# Life Style Club > Desi Recipes >  Spring Chicken

## Tulip

INGREDIENTS:
Chicken... 1 1/2 kg. (large pieces) 
Corn flour... 2 Tbsp.  
Flour... 2 Tbsp. 
Eggs... 3 (only the white part) 
Black pepper... 1/2 tsp.(grounded) 
Ajinomoto... 1/2 tsp. 
Garlic paste... 1 Tbsp. 
Vinegar... 1 Tbsp. 
Soy sauce... 1 Tbsp. 
Salt... as needed 
Oil... 2 1/2 cup

METHOD:
First of all, combine chicken with garlic, salt, and vinegar.

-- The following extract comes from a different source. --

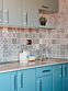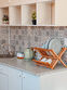 Обеденная зона: стол, диванчик, холодильник, шкаф с посудой, чайник.

Set it aside for half an hour. Then add flour, corn flour, egg white, and soy sauce, mix it till it becomes a smooth mixture. Then dip the chicken pieces into this mixture one at a time. In a pan, heat oil. When the oil becomes really hot, turn down the heat and start frying the chicken pieces till they are done. When they turn golden brown, take them out of the pan, and place them on a paper towel so it will absorb the extra oil.

----------


## sikandar107

Method se kya hoga.... Bana ke bhej dijiye na...... Yummy !!  :Stick Out Tongue:

----------


## Tulip

Apni jaan churwane kay lie to sab ko sikha rahi hoon yahan  :Stick Out Tongue:  jo banae muje bhi khilla de.

----------


## sikandar107

> Apni jaan churwane kay lie to sab ko sikha rahi hoon yahan  jo banae muje bhi khilla de.


achha jee..  kya neik iraade hain.. MashAllah  !!  :Stick Out Tongue:

----------


## Tulip

Absolutely!  :Wink:

----------


## intoxicate

Nice post keep it up

----------


## Tulip

Thank you !

----------